Route 52 is a bus route operated by the Maryland Transit Administration in Baltimore and its suburbs. The line is a dedicated service for employees of Stella Maris, a complex of long term care facilities in Timonium, Maryland. Route 52 replaced Route 12 under BaltimoreLink.

==History==
Route 52 was formed in 2005 as Route 12 as a replacement for the Stella Maris branch of Route 8, which was discontinued as a part of the Greater Baltimore Bus Initiative. The branch, along with all other special branches of Route 8, was proposed for total elimination with no replacement under the original GBBI plans. But due to public outcry, service to Stella Maris was retained by MTA on the new Route 12 that operated back then out of the Lutherville Light Rail Stop at the same times these trips were previously provided on the Route 8. MTA continued to serve Stella Maris on the basis that the organization is non-profit, while all other discontinued former branches of Route 8 served for-profit employers.
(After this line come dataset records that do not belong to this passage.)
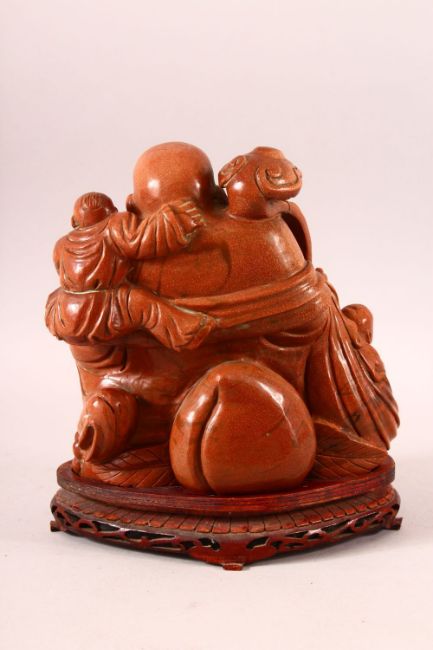 A SUPERB CHINESE HARD STONE CARVING OF BUDDHA holding a scepter seated upon a cloud, on a wooden base, 28cm high.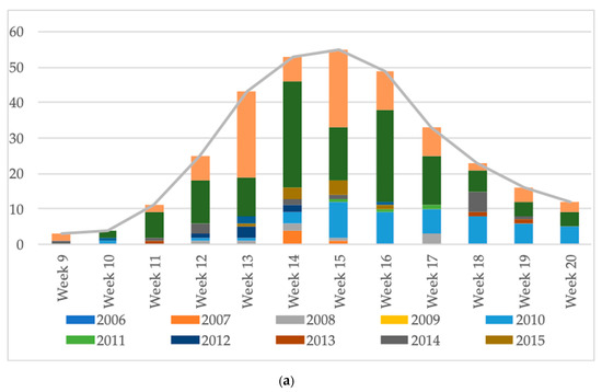 As previously reported, cases of AM occur more frequently in autumn (76%; n = 1801) than in spring (24%; n = 570). The expressions “autumn” and “spring” should not be taken stricto senso, since the autumnal clinical series are continuing in early winter and some spring cases are occurring after the 21 June. It is worth noting that 94% of “spring” cases occurred between the 1 March and the 31 May and 94% of “autumnal” cases occurred between the 1 October up to the 31 December (Figure 3a,b).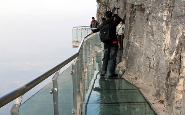 玻璃棧道是張家界天門山景區(qū)繼懸于峭壁之上的鬼谷棧道、憑空伸出的玻璃眺望臺(tái)、橫跨峽谷的木質(zhì)吊橋后打造的又一試膽新景點(diǎn)。這條看著就讓人腿軟的玻璃橋給人帶來(lái)的刺激震撼感可與舉世聞名的美國(guó)大峽谷玻璃走廊“天空之路”媲美。

The original route of Route 12 that started in 2005 was via Ridgely Road and Dulaney Valley Road, but this route was modified twice in February 2006 due to community opposition from Timonium area residents to operating buses on residential streets. On February 5, the route was modified to Cranbrook Road and some other local roads in the Cockeysville area, and on February 19, the new routing was via York Road, Fairmount Avenue, and Dulaney Valley Road, similar to the old Route 8 branch.

On August 24, 2008, Route 12 was modified again to operate between Stella Maris and Greenmount and North Avenues. This was done to enable the line to have a direct connection with bus routes 13, 22, 33, 44, and 55. Such connections were found to be far more in demand than those to the light rail, and riders wishing to connect to the light rail were advised to transfer to Route 8.

Today, Route 12 is one of two buses operated by MTA for the benefit of a single employer. The other is Route 104, which serves Johns Hopkins Hospital.

===BaltimoreLink===
On June 18, 2017, as part of the BaltimoreLink transit overhaul Route 12 will be replaced in its entirety by LocalLink 52.